Berlin hat ja sogar einige „Hauptknüller“: etwa die Museumsinsel, die nach ihrer Restaurierung der deutsche Louvre wäre. Warum drücken Sie da nicht antizyklisch aufs Tempo, statt den Masterplan zeitlich zu strecken?

Es gibt eine Finanzplanung, nach der jährlich 100 Millionen Euro verbaut werden. Aber natürlich tauchen bei Vorhaben dieser gigantischen Dimension Probleme auf, für die wir uns Zeit lassen sollten, denn wir bauen hier ja mindestens für die nächsten zweihundert Jahre. Im Moment sind wir im Plan, es handelt sich wohl um die erfreulichste Baumaßnahme Berlins – mit dem Bund als Geldgeber und alleinigem Verantwortungsträger. Wenn sich die Fertigstellung bis 2008 statt bis 2006 hinzieht, liegt das nur daran, dass hier Sorgfalt statt Eile geboten ist.

Sie sind gut zwei Monate im Amt. Hatten Sie da schon ein Erfolgserlebnis?

Die im Koalitionsvertrag zugesagte Prüfung der Kulturverträglichkeit von Gesetzesvorhaben hat sich schon als wertvolles politisches Instrument erwiesen. Ich habe bereits drei Mal von ihm Gebrauch machen können: bei der Steuerabzugsfähigkeit von gemeinnützigen Spenden, beim Mehrwertsteuersatz für Kunstwerke und beim Denkmalschutz. Zwar ist es kein Vetorecht, dennoch werden wir diese Selbstverpflichtung im politischen Alltag ritualisieren.

Und welche Gesetzesvorhaben stehen nun an?

Der wichtigste Punkt wird die Novellierung des Filmfördergesetzes unter größerer Beteiligung der Fernsehsender sein. Wie mein Vorgänger Nida-Rümelin bin auch ich an der Gründung einer Deutschen Filmakademie sehr interessiert – wir brauchen ein Forum für die künstlerischen Belange der Branche. Aber ich möchte die Verleihung des Deutschen Filmpreises nicht komplett an die Filmakademie abgeben und ihr nur die Preisgelder zahlen. Ich will weiterhin eine unabhängige Jury, und ein staatlicher Filmpreis ist als Förderinstrument auch künftig sinnvoll. Eine Filmakademie könnte aber mit unserer Unterstützung in Programmkinos Filmwochen organisieren, damit die nominierenden Akademiemitglieder sich gemeinsam mit dem Publikum mögliche Kandidaten anschauen.
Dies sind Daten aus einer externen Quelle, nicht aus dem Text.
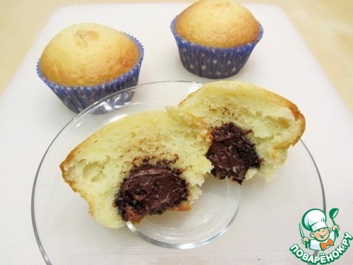 Приготовила такие кексы с шоколадной начинкой https://www.povarenok.ru/recipes/show/57953 Очень нежные и воздушные кексы! правда, у меня конфеты утонули, видимо, тяжелые очень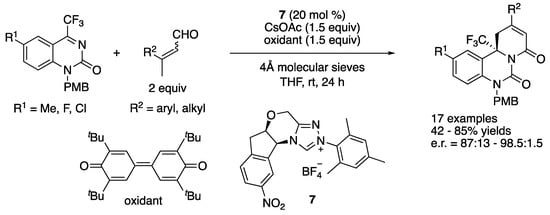 In 2017, Enders and coworkers developed an enantioselective oxidative NHC-catalyzed [4 + 2] annulation reaction of β-methyl enals and trifluoromethyl dihydroquinazolines (Scheme 6) []. The catalytically generated dienolate proved highly effective for addition to trifluoromethyl dihydroquinazolines, providing heterocyclic dihydroquinazolinone derivatives bearing a trifluoromethyl group and a tetrasubstituted stereogenic center in 42–85% yields with 87:13–98.5:1.5 enantiomeric ratios.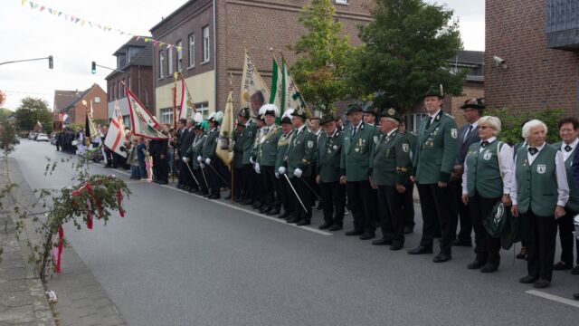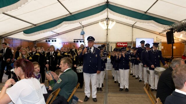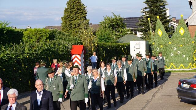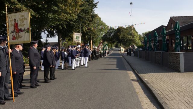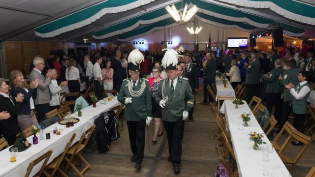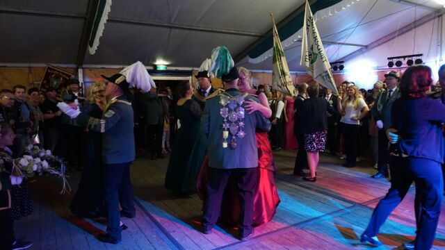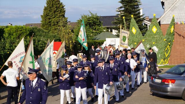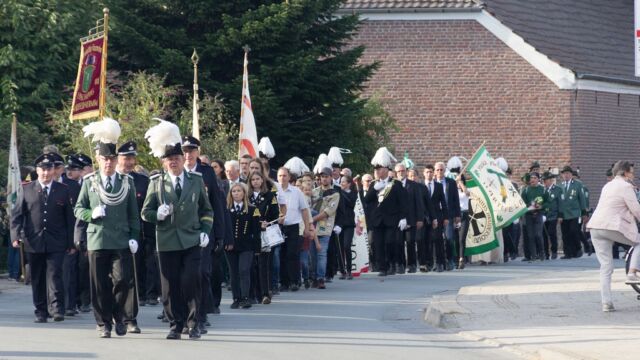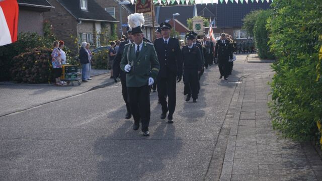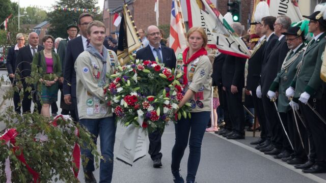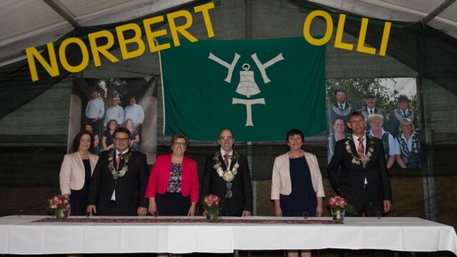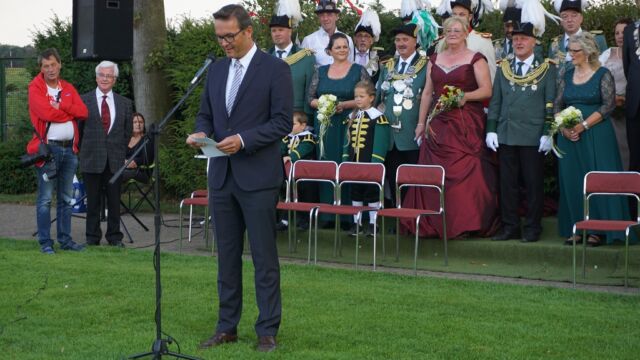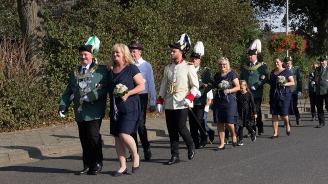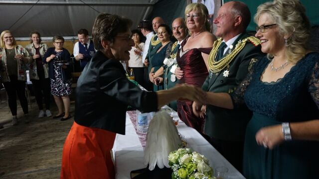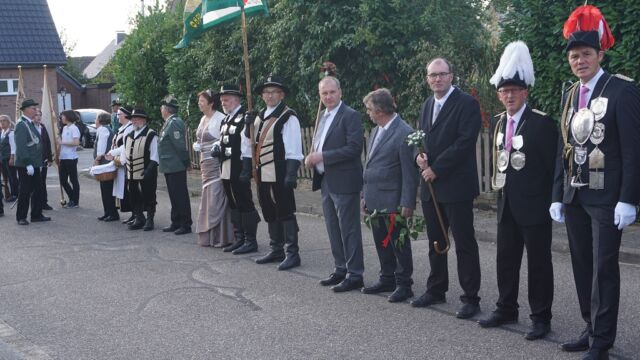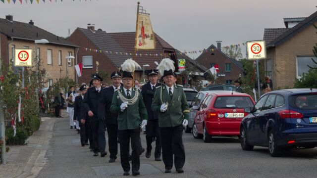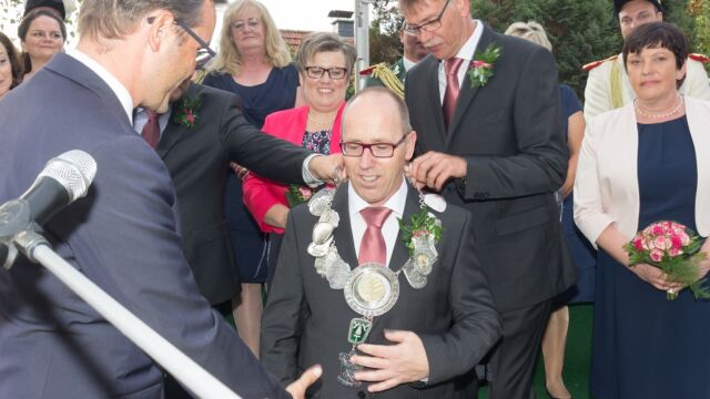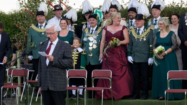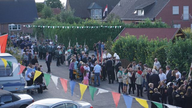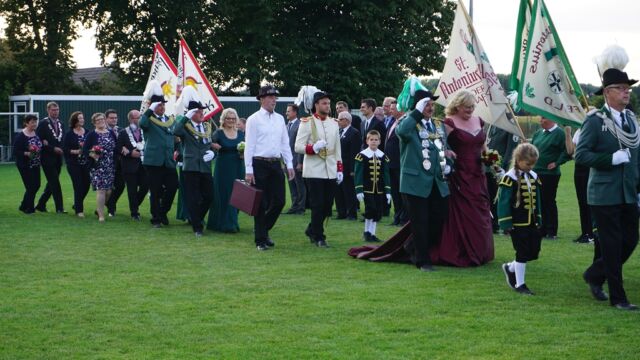 Der Kirmesfreitag stand ganz im Zeichen des diesjährigen Festkettenträgers Norbert Clancett. Der Tag des Festkettenträgers begann mit einem gemeinsamen Gottesdienst um 17.30 Uhr in der St.Antonius Kirche in Hartefeld. Nach dem Antreten und dem Marsch zur Pastoratswiese ließ es sich Gelderns Bürgermeister Sven Kaiser nicht nehmen, persönlich in einer Laudatio die zahlreichen Verdienste des Festkettenträgers hervorzuheben. Für den Festkettenträger gab es einen doppelten Anlass zu feiern, denn Norbert Clancett beging an diesem Tag auch seinen 49. Geburtstag. Wäre das nicht schon Grund genug zu feiern, begab es sich, dass unser König Olli Lenz ebenfalls an diesem Tag Geburtstag hat und so ließen es sich die beiden nicht nehmen, alle Anwesenden mit einem gekühlten Getränk zu versorgen. Nach der Übergabe der Festkette und einem feierlichen Fahnenschwenken machte sich der Zug auf den Weg nach Vernum. Mit musikalischer Unterstützung durch Blau-Weiß Hartefeld war der Weg schnell geschafft und das Festzelt auf der Brunnenwiese in Vernum erreicht. Auf dem Ball des Festkettenträgers sorgte die Band „Herzschlag“ für beste Laune und ausgelassene Stimmung.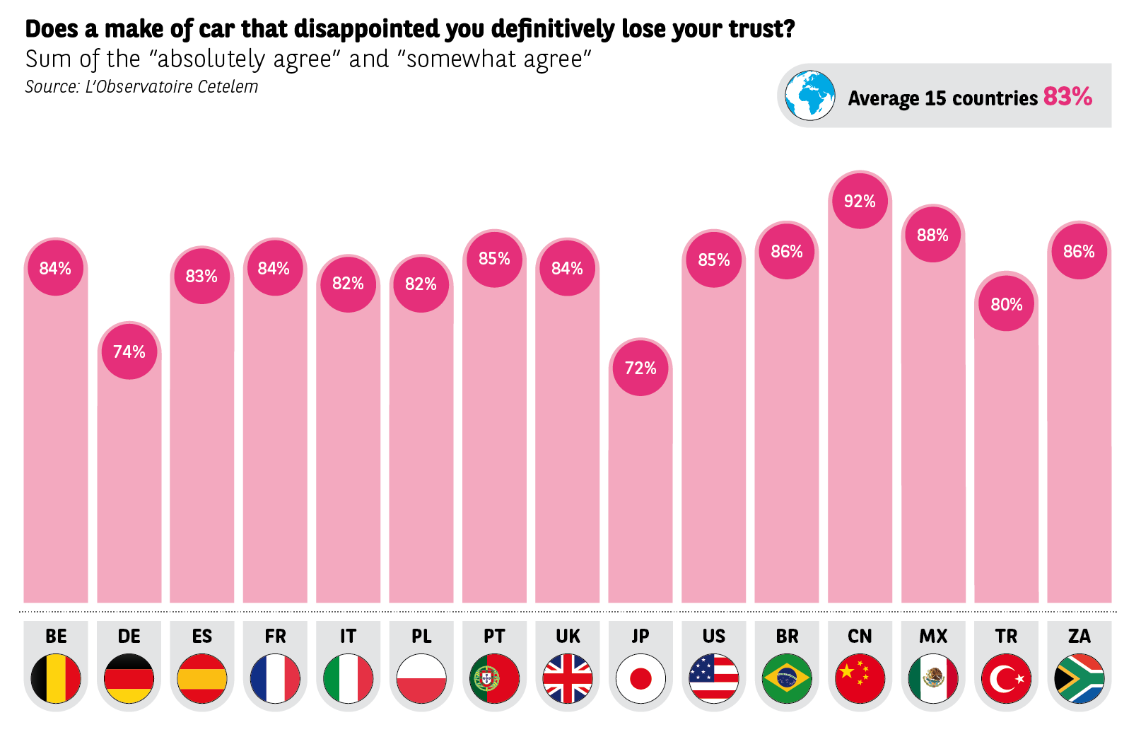 Even though motorists can be easily tempted by a new model, they are categorically intransigent in the event of a disappointment. 83% of interviewees state that there is no possible recourse if they lose trust in a make of car. Behind this strong unanimity, the Japanese and the Germans leave the most room for forgiveness (respectively 28% and 26%): two countries that are very attached to their national car makes, both of which have recently veered off the straight and narrow.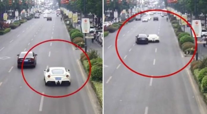 Ky është momenti kur një djalë i ri në Kinë përplas makinën sportive Ferrari që kushton afro 600 mijë paund , të cilën pak minuta më herët ia kishte marrë një miku për të bërë një xhiro.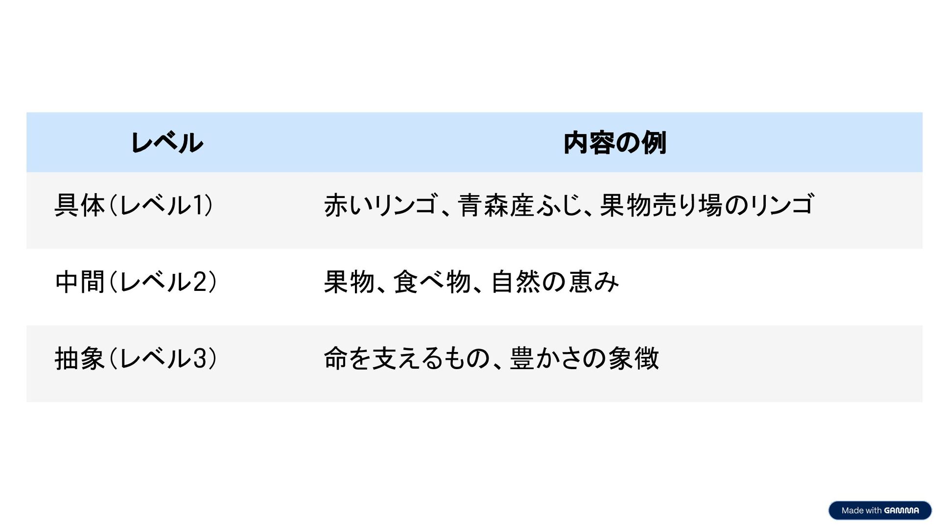 レベル 内容の例 具体(レベル1) 赤いリンゴ、青森産ふじ、果物売り場のリンゴ 中間(レベル2) 果物、食べ物、自然の恵み 抽象(レベル3) 命を支えるもの、豊かさの象徴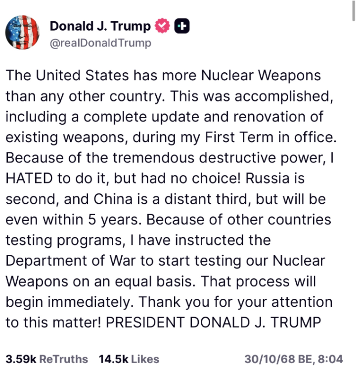 ทรัมป์โพสต์ผ่าน Truth Social ระบุว่า “ผมได้สั่งให้กระทรวงสงครามเริ่มทดสอบอาวุธนิวเคลียร์ของเราในระดับเท่ากับประเทศมหาอำนาจอื่น กระบวนการจะเริ่มทันที” พร้อมย้ำว่าสหรัฐฯ มีอาวุธนิวเคลียร์มากที่สุดในโลก ตามด้วยรัสเซียและจีน ซึ่งอาจแซงรัสเซียขึ้นเป็นอันดับสองภายใน 5 ปี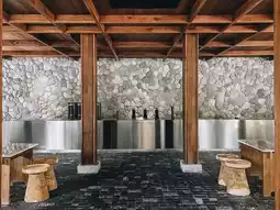 The shop is decorated in simple wood and stone tones, yet exudes a minimalist feel. The bamboo garden gives off a Japanese feel.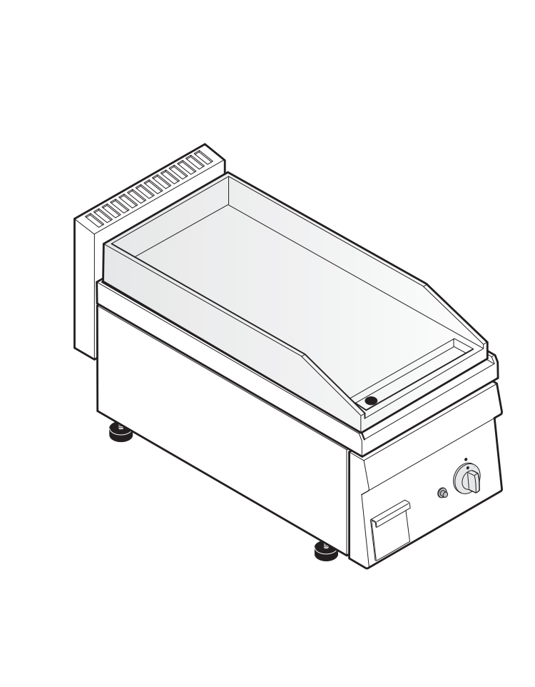Fry-Top a gas da banco, 1 zona cottura, piastra liscia cm 34,6x56,4, potenza gas Kw 4 - cm 35x65x28h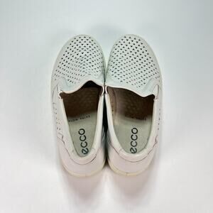 Ecco Soft 7 Extra Width White Soft Leather Slip On Sneakers Shoes Women's Size 6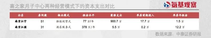 酒店服务式已经属于“轻资产模式”,只需要租赁酒店客房改造成月子中心即可,但租金成本往往较高。如下图所示,喜之家酒店模式31个房间数量对应的年租金为378万/年。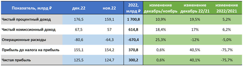 Данные за декабрь существенно лучше аналогичных результатов за 2021 год: чистый процентный доход выше на 19,5%, а комиссионный доход увеличился на 17%. В итоге, чистая прибыль оказалась выше аж на 40% и составила почти 125,5 млрд за месяц.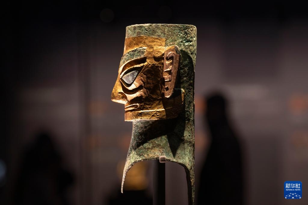 2024年12月18日在三星堆博物馆新馆拍摄的戴金面罩青铜人头像。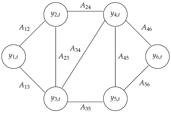 Let us consider a weighted, undirected graph composed of vertices. is the weighted adjacency matrix, where represents the strength of the interaction between nodes i and j. An example of such a graph is depicted in Figure 1. is the set of edges, and therefore implies and implies . The graph can be defined through the (unnormalized) Laplacian matrix :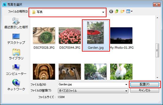 写真を選択 ウィンドウで埋め込む写真が含まれているフォルダーを開き、写真を選択して「配置」ボタンをクリックします。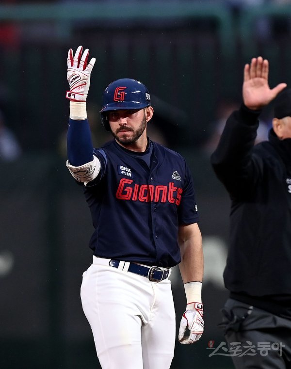 4일 인천 SSG 랜더스필드에서 ‘2023 신한은행 SOL KBO리그’ SSG 랜더스와 롯데 자이언츠의 경기가 열렸다. 1회초 1사 2루에서 롯데 렉스가 1타점 2루타를 날린 후 환호하고 있다.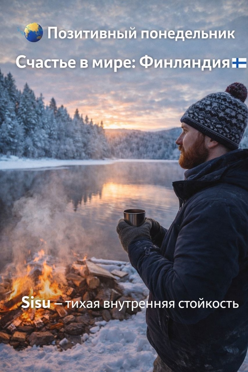Счастье в мире: Финляндия 🇫🇮 Финляндия много лет подряд занимает первые места в рейтингах самых счастливых стран мира. И каждый раз это вызывает удивление: долгие зимы, мало солнца, холод, сдержанные люди. Где здесь счастье? Ответ часто звучит в одном коротком финском слове — sisu. ❄ Sisu — тихая внутренняя стойкость Sisu сложно перевести. Это не героизм и не «я выдержу любой ценой». Скорее — спокойная внутренняя устойчивость, умение идти дальше без надрыва и драматизации. Sisu — это: • принятие реальности такой, какая она есть • доверие к себе • способность выдерживать сложные периоды • движение маленькими, но надёжными шагами 🌲 Страна тишины, холода и уюта Когда я была в Финляндии, меня поразило, насколько телесно ощущается зима. Пронизывающий холодный ветер — такой, что сразу пробирает до костей. И при этом люди: • спокойно передвигаются на велосипедах, • выходят на прогулки даже на 20–30 минут, • живут так, будто холод — не враг, а просто часть реальности. Т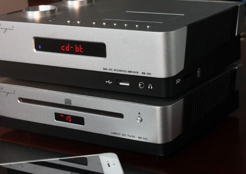 凯音MM-5蓝牙版最大的变化在与功放上,蓝牙版在功放机增设了蓝牙功能,可无线连接并播放手机里的音乐内容,为您带来更便捷使用体验;和之前版本一样,功放机有多种输入端口用于对接不用的音源,机身前面板的USB接口不但可以部分U盘内的MP3、WAM等压缩格式的音乐,还可以播放WAV、APE等无损格式音乐。最大程度的还原出接近CD的声音品质,SD卡槽以及iPhone、iPod的通用底座依然保留着。在机身的后面板增加了蓝牙连接开关,如需使用蓝牙无线播放功能只需按下此处的蓝牙开关即可。

Das wäre eine originelle, großflächige Werbung für den deutschen Film.

Von der Spardebatte bis zur Bioethik: Muss Ihr Amt sich nicht wieder offensiver und auch mal programmatisch kontroverser profilieren, wie das zumindest beim ersten Kulturstaatsminister Michael Naumann der Fall war?

Ich bin ja keine Anfängerin in der Kulturpolitik, mit Offensive in der Sache und Kooperation bin ich immer gut gefahren. Diesen Kurs werde ich halten - mit möglichst viel Phantasie und politischem Realitätssinn zugleich.